Exercise description → Below are entries with pictures among them; reproduce exactly, and only, the lines from the one containing "0.80 | 0.40 |" down to the one containing "Azure AD Connect", without the pictures.

Listed entries Block Start

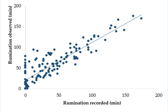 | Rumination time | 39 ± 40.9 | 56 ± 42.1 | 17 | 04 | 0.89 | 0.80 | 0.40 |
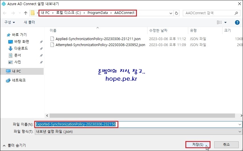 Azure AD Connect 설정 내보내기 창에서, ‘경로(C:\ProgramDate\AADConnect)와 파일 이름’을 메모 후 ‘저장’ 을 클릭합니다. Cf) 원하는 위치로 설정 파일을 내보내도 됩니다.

Listed entries Block End
Listed entries Block Start

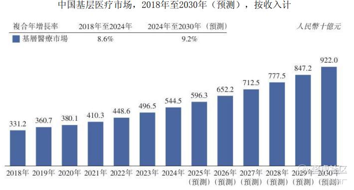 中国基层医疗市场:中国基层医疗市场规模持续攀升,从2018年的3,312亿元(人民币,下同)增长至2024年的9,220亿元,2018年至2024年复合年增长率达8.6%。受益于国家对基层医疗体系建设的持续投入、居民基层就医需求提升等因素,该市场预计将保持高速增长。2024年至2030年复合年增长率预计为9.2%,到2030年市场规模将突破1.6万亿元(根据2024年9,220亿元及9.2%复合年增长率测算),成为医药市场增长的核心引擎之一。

Listed entries Block End

Written response →
 | Rumination time | 39 ± 40.9 | 56 ± 42.1 | 17 | 04 | 0.89 | 0.80 | 0.40 |
 Azure AD Connect 설정 내보내기 창에서, ‘경로(C:\ProgramDate\AADConnect)와 파일 이름’을 메모 후 ‘저장’ 을 클릭합니다. Cf) 원하는 위치로 설정 파일을 내보내도 됩니다.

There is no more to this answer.